▶ _Data extracts_
========================

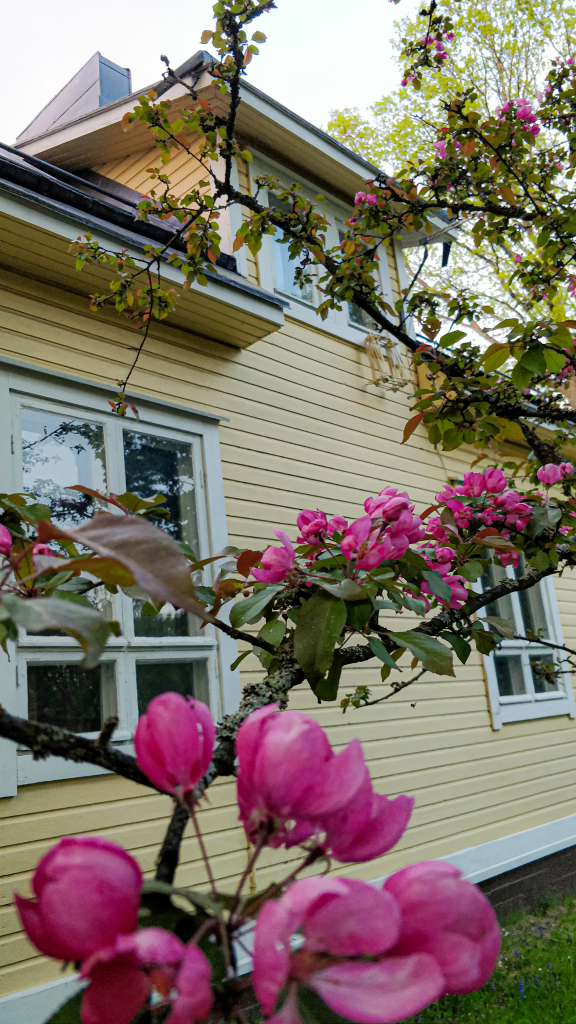 Henki salpautuneena pääsimme kiinni uuteen elämään, vanhan puutalon omistajiksi ja asukeiksi. Kaikki oli kotoisaa, yritimme aistia talon ja pihapiirin henkeä. Päätimme, että asumme ensin rauhassa, että voimme tutustua taloon ja sen rytmiin. Puutarhassa leikkelimme säästeliäästi nurtsia, jotta näkisimme, mitä kaikkea sieltä nousee.
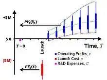 where operating profit and launch costs are the appropriately discounted range of cash flows to time T0.[11]
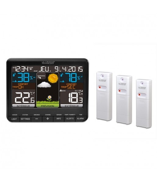 Station Météo avec écran LCD coloré, alertes de température, icônes de prévision animées 433 MHz et 3 capteurs extérieurs.
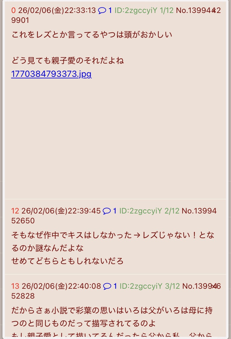 | … | 4926/02/08(日)13:52:01No.1399984686+レズだけでも家族愛だけでも括っちゃダメだよ |
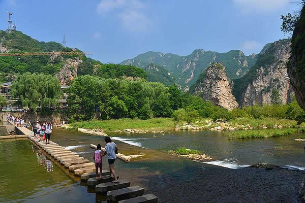 云水渡是冰峪溝風(fēng)景區(qū)的精華所在,兩岸峭壁秀絕,奇峰怪石林立。其中有一根石柱,高40米,稱之為“中流砥柱”,它周圍的水域叫“龍門潭“,因潭中鯉魚很多,取“鯉魚跳龍門”之意。
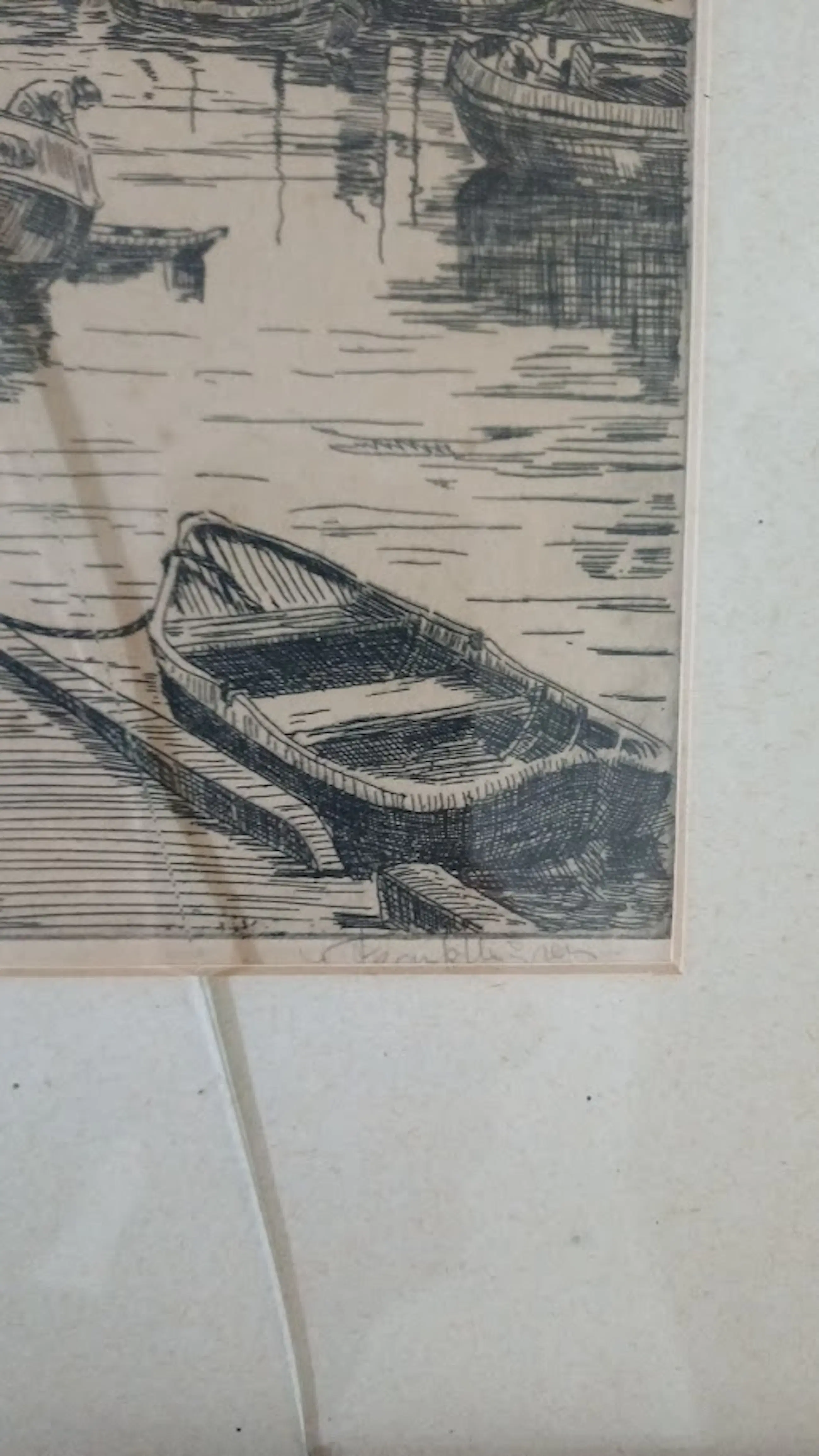 De ets kan evt ook zonder lijst en glasplaat, maar met passepartout verzonden worden.
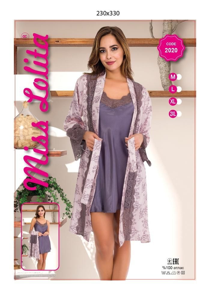 SATYNOWY KOMPLET KOSZULA ZE SZLAFROKIEM M-XXL 2020
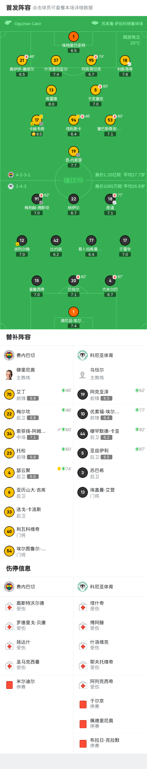 第75分钟,费内巴切球员索菲扬-阿姆拉巴特助攻卡赫韦奇打入一球。
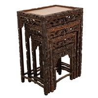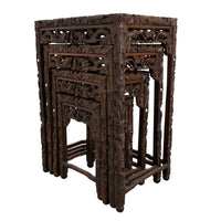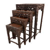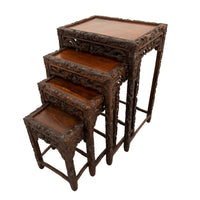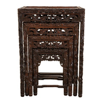 Antique Set of 4 Chinese Qing Dynasty Rosewood Carved Dragon Nesting Tables 1880
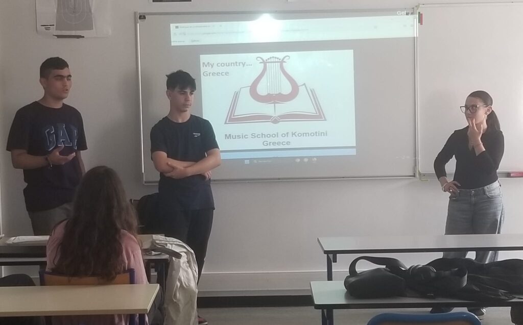 Στην 3η & τελευταία διασχολική συνάντηση του ευρωπαϊκού προγράμματος Erasmus+ “Let’s CLIL together!” που πραγματοποιήθηκε στο Mourenx της Γαλλίας, συμμετείχαν 2 εκπαιδευτικοί και 6 μαθητές του Μουσικού Σχολείου Κομοτηνής. Το πρόγραμμα εστιάζει στη μέθοδο CLIL (Content and Language Integrated Learning), η οποία συνδυάζει τη διδασκαλία γνωστικών αντικειμένων με τη χρήση ξένης γλώσσας, προάγοντας τη γλωσσική ανάπτυξη και τη διεπιστημονική μάθηση.

========================

▶ _Action item_
Exactly reproduce the lines above, starting at the one that contains "云水渡是冰峪溝風(fēng)" and ending at the one that contains "第75分钟,费内巴切球员索菲扬-阿姆拉巴特助攻卡赫韦奇打入一球。", both inclusive; leave the pictures out and add no other lines.

▶ _Finished task_
 云水渡是冰峪溝風(fēng)景區(qū)的精華所在,兩岸峭壁秀絕,奇峰怪石林立。其中有一根石柱,高40米,稱之為“中流砥柱”,它周圍的水域叫“龍門潭“,因潭中鯉魚很多,取“鯉魚跳龍門”之意。
 De ets kan evt ook zonder lijst en glasplaat, maar met passepartout verzonden worden.
 SATYNOWY KOMPLET KOSZULA ZE SZLAFROKIEM M-XXL 2020
 第75分钟,费内巴切球员索菲扬-阿姆拉巴特助攻卡赫韦奇打入一球。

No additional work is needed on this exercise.